| WORK TO BE COMPLETED |
In the listing below, locate the line that contains "(15.05.12/Stadthagen) Die Idee, zum" and the line that contains "However, the luck". Restate word for word those two lines and every line between them, and nothing else.

| RECORD EXCERPTS |
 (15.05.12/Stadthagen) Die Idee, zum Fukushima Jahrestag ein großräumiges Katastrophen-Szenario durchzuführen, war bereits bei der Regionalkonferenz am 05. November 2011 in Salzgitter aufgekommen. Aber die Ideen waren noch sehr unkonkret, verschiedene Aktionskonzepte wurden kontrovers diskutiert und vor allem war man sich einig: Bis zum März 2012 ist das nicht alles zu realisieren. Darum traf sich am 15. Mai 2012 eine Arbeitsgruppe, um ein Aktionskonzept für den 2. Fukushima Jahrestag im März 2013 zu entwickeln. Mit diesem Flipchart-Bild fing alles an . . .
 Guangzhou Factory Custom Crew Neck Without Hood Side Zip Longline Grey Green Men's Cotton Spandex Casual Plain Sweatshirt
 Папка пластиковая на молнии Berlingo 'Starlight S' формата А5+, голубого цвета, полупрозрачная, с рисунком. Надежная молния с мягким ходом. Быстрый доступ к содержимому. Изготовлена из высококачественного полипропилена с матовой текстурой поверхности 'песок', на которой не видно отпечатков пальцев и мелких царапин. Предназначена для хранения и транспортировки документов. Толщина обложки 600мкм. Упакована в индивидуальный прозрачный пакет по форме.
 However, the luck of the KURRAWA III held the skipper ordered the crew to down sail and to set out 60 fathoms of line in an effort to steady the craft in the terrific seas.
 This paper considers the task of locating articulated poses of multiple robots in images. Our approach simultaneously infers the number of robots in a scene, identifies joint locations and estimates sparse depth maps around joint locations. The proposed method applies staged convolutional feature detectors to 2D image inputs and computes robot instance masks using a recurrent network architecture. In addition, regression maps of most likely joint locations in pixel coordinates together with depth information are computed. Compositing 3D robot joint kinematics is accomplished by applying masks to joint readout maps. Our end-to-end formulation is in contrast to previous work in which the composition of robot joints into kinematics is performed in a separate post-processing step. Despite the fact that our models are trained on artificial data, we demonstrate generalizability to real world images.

* * *

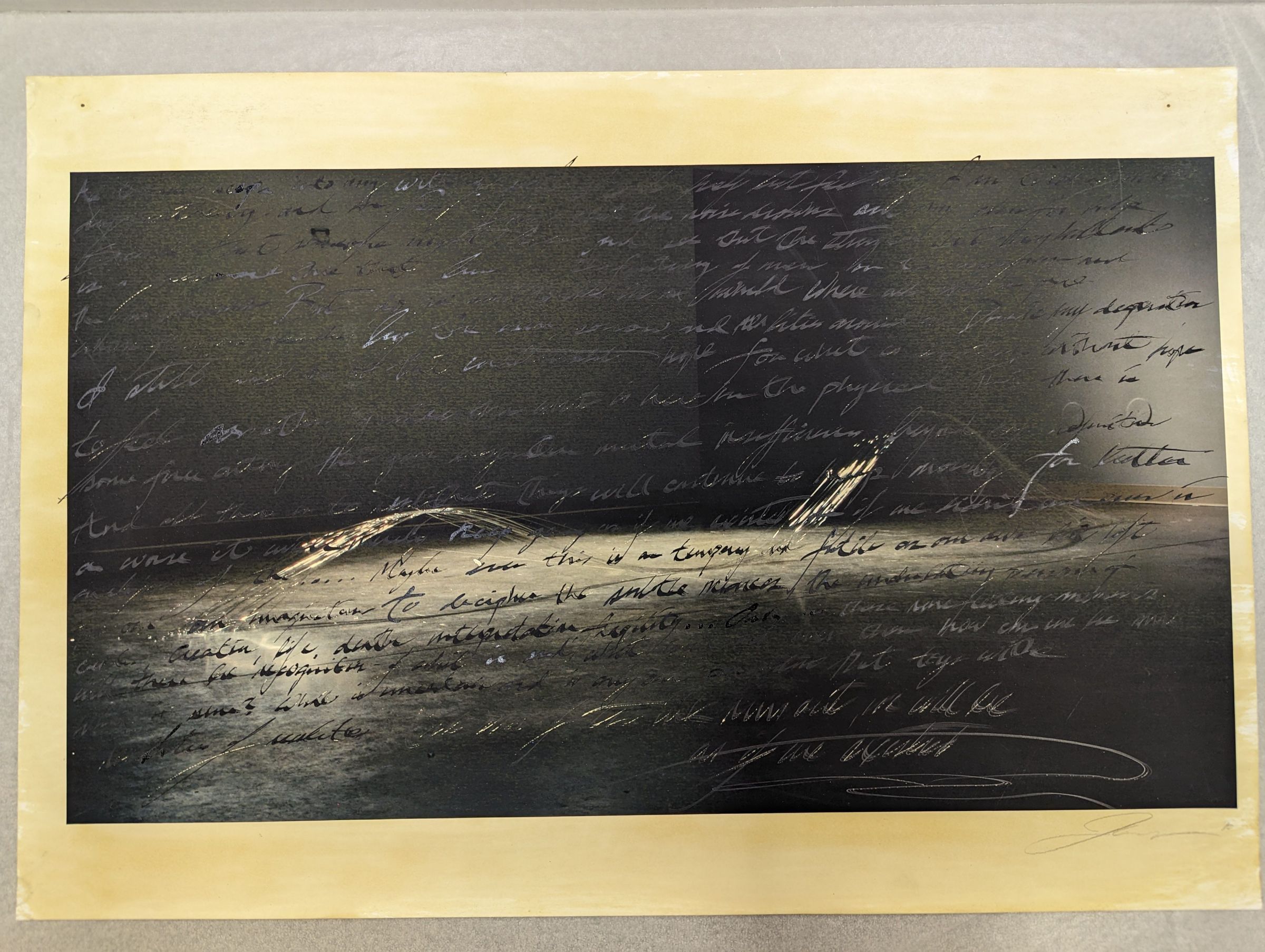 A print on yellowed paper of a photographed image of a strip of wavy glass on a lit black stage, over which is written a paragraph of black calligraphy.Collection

--

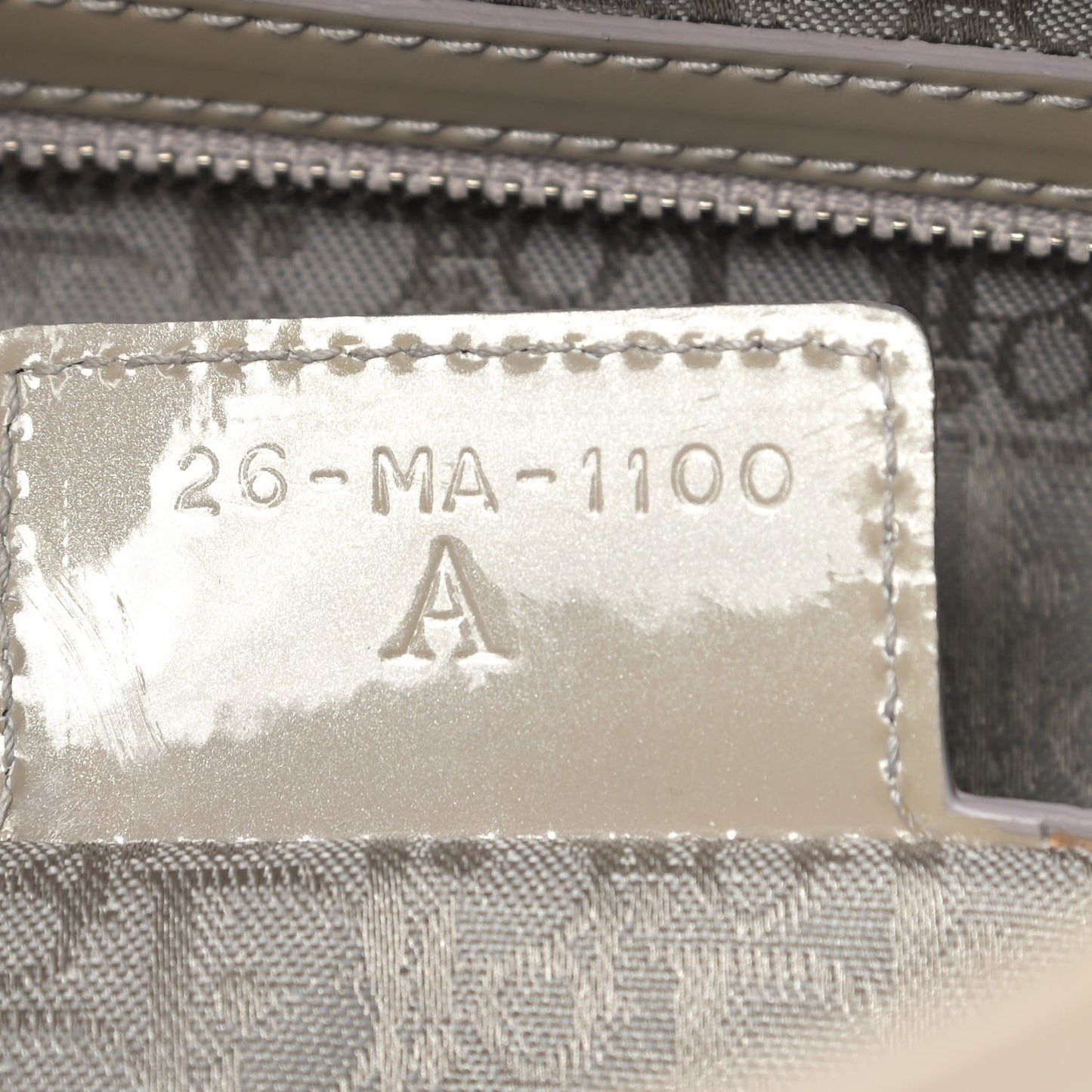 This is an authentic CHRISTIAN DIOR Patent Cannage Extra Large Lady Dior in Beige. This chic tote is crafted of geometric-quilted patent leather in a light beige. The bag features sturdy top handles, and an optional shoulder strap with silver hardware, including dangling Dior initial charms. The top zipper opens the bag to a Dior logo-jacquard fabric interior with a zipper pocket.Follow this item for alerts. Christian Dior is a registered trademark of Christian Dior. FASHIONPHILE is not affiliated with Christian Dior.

| SOLUTION TO THE PROBLEM |
 (15.05.12/Stadthagen) Die Idee, zum Fukushima Jahrestag ein großräumiges Katastrophen-Szenario durchzuführen, war bereits bei der Regionalkonferenz am 05. November 2011 in Salzgitter aufgekommen. Aber die Ideen waren noch sehr unkonkret, verschiedene Aktionskonzepte wurden kontrovers diskutiert und vor allem war man sich einig: Bis zum März 2012 ist das nicht alles zu realisieren. Darum traf sich am 15. Mai 2012 eine Arbeitsgruppe, um ein Aktionskonzept für den 2. Fukushima Jahrestag im März 2013 zu entwickeln. Mit diesem Flipchart-Bild fing alles an . . .
 Guangzhou Factory Custom Crew Neck Without Hood Side Zip Longline Grey Green Men's Cotton Spandex Casual Plain Sweatshirt
 Папка пластиковая на молнии Berlingo 'Starlight S' формата А5+, голубого цвета, полупрозрачная, с рисунком. Надежная молния с мягким ходом. Быстрый доступ к содержимому. Изготовлена из высококачественного полипропилена с матовой текстурой поверхности 'песок', на которой не видно отпечатков пальцев и мелких царапин. Предназначена для хранения и транспортировки документов. Толщина обложки 600мкм. Упакована в индивидуальный прозрачный пакет по форме.
 However, the luck of the KURRAWA III held the skipper ordered the crew to down sail and to set out 60 fathoms of line in an effort to steady the craft in the terrific seas.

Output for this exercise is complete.